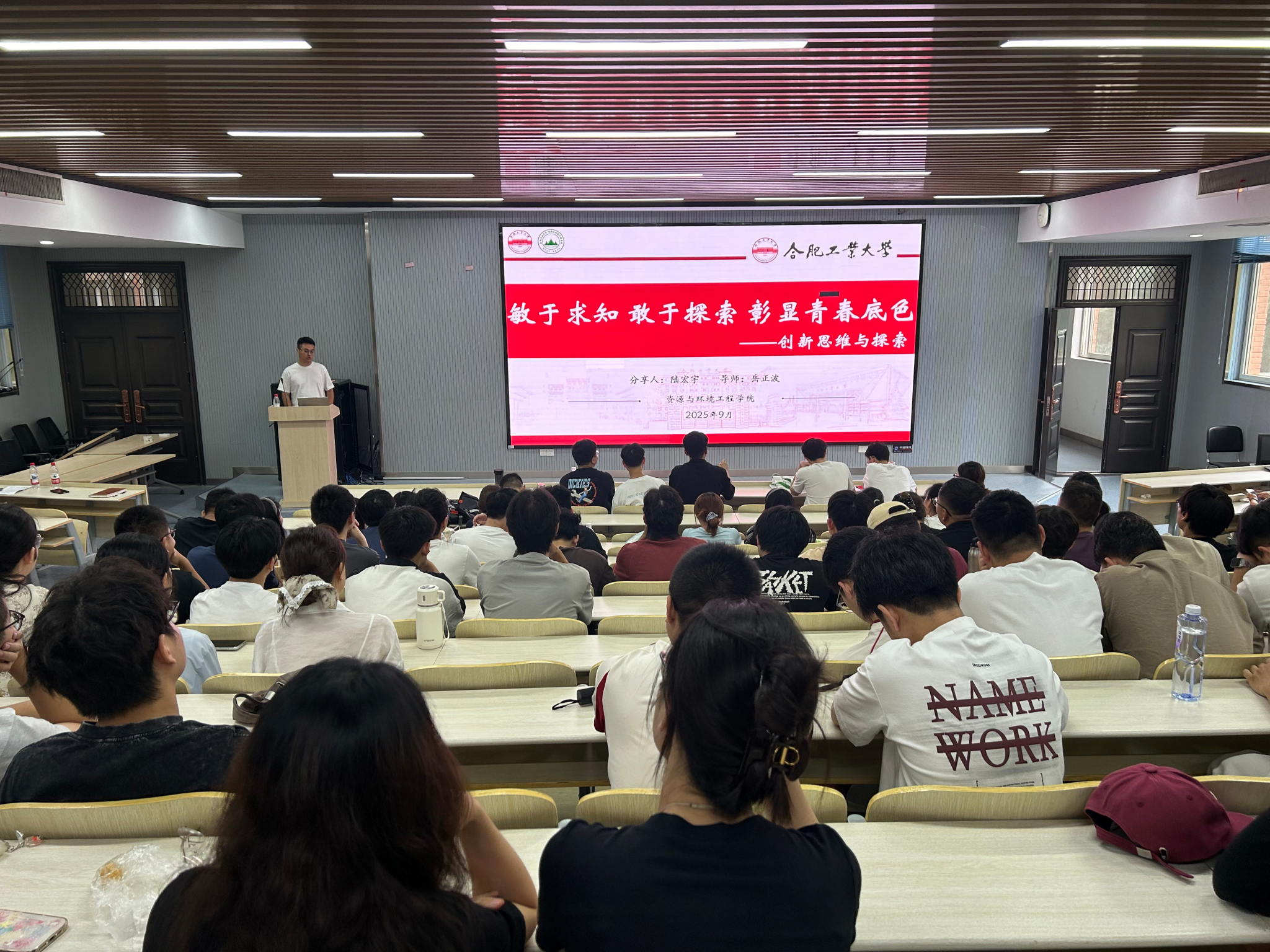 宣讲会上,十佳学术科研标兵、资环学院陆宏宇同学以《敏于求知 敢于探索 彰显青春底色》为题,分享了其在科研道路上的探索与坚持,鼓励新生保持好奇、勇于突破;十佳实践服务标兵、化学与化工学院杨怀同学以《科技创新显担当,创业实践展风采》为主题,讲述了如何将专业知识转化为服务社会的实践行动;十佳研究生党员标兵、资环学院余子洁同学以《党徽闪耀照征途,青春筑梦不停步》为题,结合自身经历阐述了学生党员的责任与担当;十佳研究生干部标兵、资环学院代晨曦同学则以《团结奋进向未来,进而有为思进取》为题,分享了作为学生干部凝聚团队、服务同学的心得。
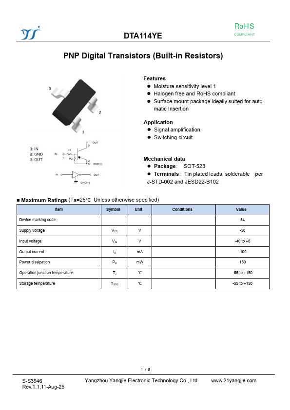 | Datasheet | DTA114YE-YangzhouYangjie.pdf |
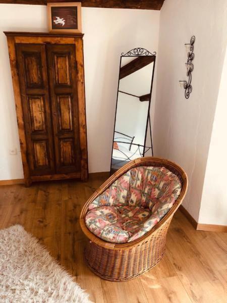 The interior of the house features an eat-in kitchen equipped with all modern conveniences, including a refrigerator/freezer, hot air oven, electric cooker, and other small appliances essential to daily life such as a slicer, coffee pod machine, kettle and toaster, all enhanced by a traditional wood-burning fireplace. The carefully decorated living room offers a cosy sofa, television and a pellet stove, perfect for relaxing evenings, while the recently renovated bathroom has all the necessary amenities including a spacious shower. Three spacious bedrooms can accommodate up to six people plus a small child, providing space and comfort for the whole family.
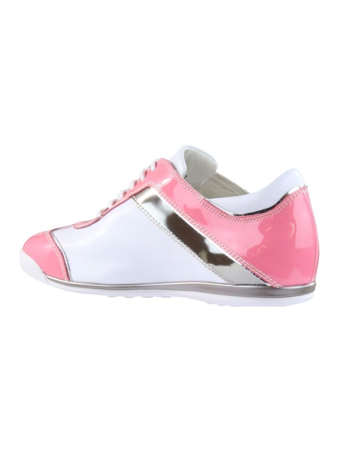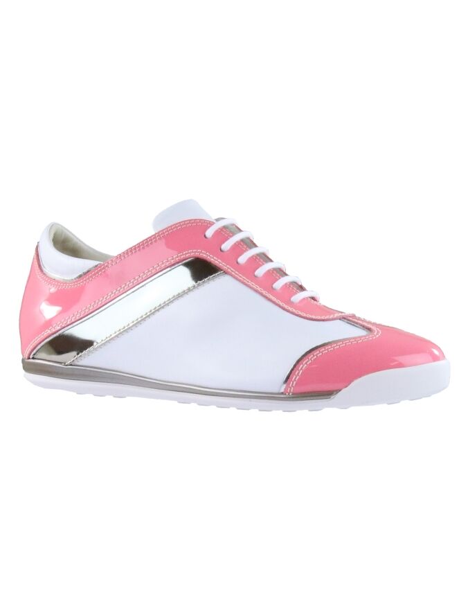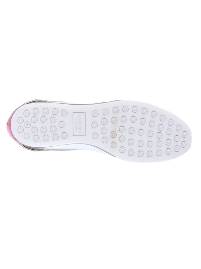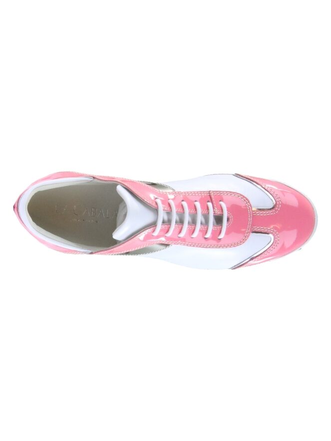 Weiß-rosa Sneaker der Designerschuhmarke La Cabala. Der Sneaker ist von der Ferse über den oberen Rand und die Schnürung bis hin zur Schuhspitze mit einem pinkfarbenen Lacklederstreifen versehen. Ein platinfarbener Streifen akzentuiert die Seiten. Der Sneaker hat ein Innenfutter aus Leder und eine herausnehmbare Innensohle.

—————

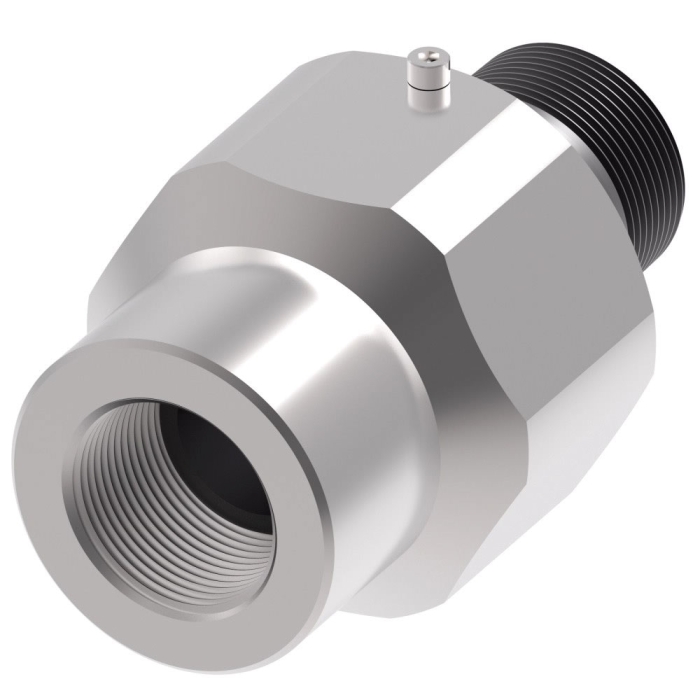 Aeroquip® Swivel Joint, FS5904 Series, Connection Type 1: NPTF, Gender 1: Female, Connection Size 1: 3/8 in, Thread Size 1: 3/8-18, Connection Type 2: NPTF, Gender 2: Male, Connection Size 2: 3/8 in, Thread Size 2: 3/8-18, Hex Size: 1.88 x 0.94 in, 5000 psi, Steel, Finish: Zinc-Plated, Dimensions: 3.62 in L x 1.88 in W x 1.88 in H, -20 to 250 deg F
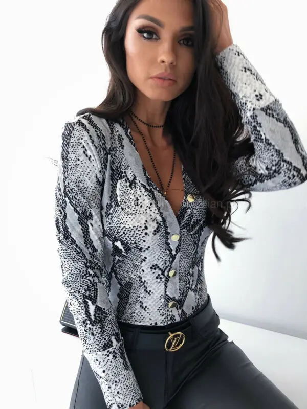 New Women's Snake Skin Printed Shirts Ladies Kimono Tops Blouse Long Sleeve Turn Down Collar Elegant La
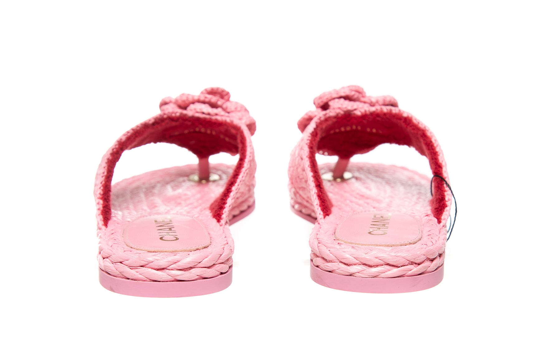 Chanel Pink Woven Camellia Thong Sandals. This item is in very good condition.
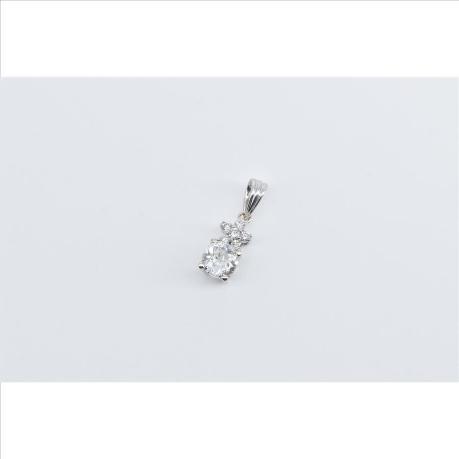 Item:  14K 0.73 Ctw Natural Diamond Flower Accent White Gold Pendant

—————

**The task**
Above are the records; restate exactly the lines from the one containing "New Women's Snake" through the one containing "Item:  14K 0.73 Ctw", keeping pictures out.

**Written response**
 New Women's Snake Skin Printed Shirts Ladies Kimono Tops Blouse Long Sleeve Turn Down Collar Elegant La
 Chanel Pink Woven Camellia Thong Sandals. This item is in very good condition.
 Item:  14K 0.73 Ctw Natural Diamond Flower Accent White Gold Pendant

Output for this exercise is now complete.